Che la volontà della mia bocca e lo slancio del mio cuore siano davanti al tuo volto, mio Signore, mia roccia e mia salvezza.
Salmo 19:14, Siddur, Tefillà sett.
Pedro Salinas lo dice così:
A te si arriva solo attraverso te.
Ti aspetto.
Io sì che so dove mi trovo,
la mia città, la via, il nome
con cui tutto mi chiamano.
Però non so dove sono stato con te.
Là mi hai portato tu.
Come avrei imparato la strada
se non guardavo nient'altro che te,
se la strada era dove tu andavi,
e la fine fu quando ti sei fermata?
Che altro poteva esserci
più di te che ti offrivi, guardandomi?
Però adesso che esilio,
che mancanza,
e lo stare dove si sta.
Aspetto, passano i treni,
i destini, gli sguardi.
Mi porterebbero dove non sono stato mai.
Ma io non cerco nuovi cieli.
Io voglio stare dove sono stato.
Con te, ritornarci.
Che intensa novità,
ritornare un'altra volta,
ripetere mai uguale
quello stupore infinito.
E fino a quando non verrai tu
io resterò sulla sponda
dei voli, dei sogni,
delle stelle, immobile.
Perché so che dove sono stato
non portano né ali, né ruote, né vele.
Esse vagano smarrite.
Perché so che dove sono stato con te
si va solo con te, attraverso te.
Insomma, siamo luce e ombra. Ma l’ombra è solo per chi ci ama. Perché sta bene anche lì, nei nostri quartieri più malandati. E noi con lui. Un grande maestro spirituale, Jiddu Krishnamurti, scrive:
Andare al di là del pensiero e del tempo realmente – cioè andare al di là del dolore – vuol dire essere consapevoli che c’è un’altra dimensione chiamata amore. Ma non sapete come raggiungere questa straordinaria sorgente – cosa fate dunque? Se non sapete che fare, non fate niente, non è vero? Assolutamente niente.

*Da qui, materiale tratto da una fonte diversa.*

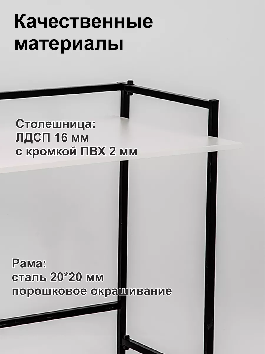 Прямоугольная столешница из ЛДСП надежная и прочная, толщина столешницы 20мм, кромка ПВХ, выдерживает любые нагрузки и не деформируется при длительной эксплуатации.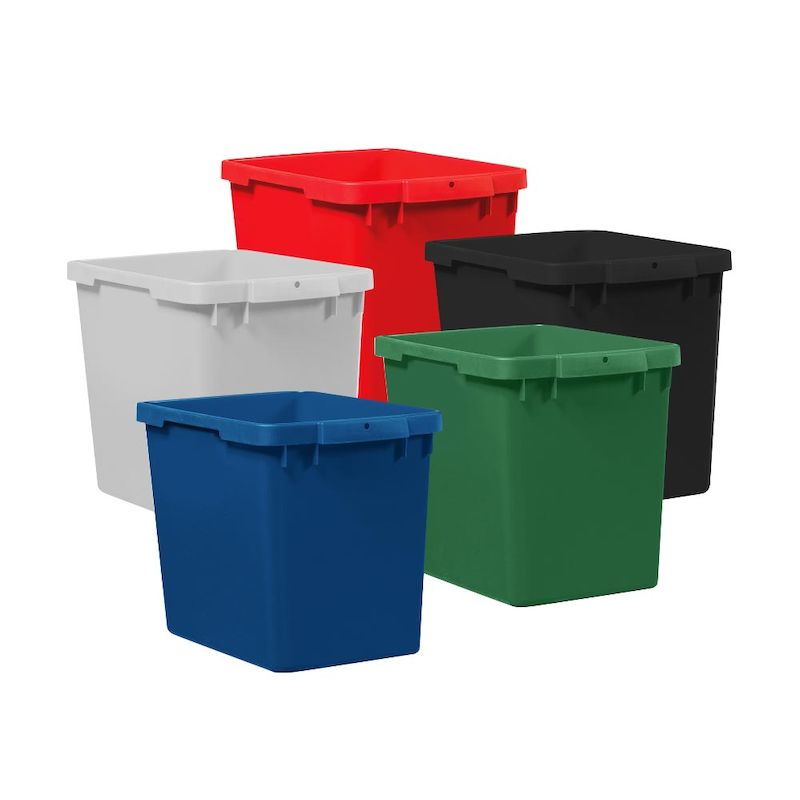 Gjenvinningsbeholdere med volum på 25 liter. Finnes i flere farger.

Allora intimamente voi siete nel più completo silenzio. Capite cosa vuoi dire? Vuol dire che non cercate non volete, non andate a caccia di qualcosa; non c’è assolutamente un centro.
Allora c’è amore.
Che è come uscire di casa lasciandosi convincere da un’amica. È una serata come le altre e se anche comincia la tua vita per davvero, non ti ricordi nemmeno che giorno era. Sì, credo che l’amore sia questo. E vi partecipo in silenzio nelle piccole cose di ogni giorno. Anche da lontano perché spesso, non ci sono. Faccio orari strani, vivo sospesa tra due città e l’idea di casa riesce anche a scorrerci in mezzo, a tutto ciò che le collega ‘ste due città: la grande industria Made in Italy che costeggia l’A7. Guardo attentamente certi scatti costruiti e inviati quando non ci sono: domeniche a pranzo, il sonno dei bambini, gabbiani in alto mare, colazioni senza fretta. E immagino tutto. Alla fine, l’immaginazione è sempre stata una grande alleata: posso essere dove voglio. E sono nel deserto. Kibbutz Re’im, a pochi chilometri dalla Striscia di Gaza. È una festa. C’è un rave, la musica rimbalza sulle dune, ma non è un party qualsiasi: è la festa di Sukkot, una delle più importanti, 29 settembre-6 ottobre.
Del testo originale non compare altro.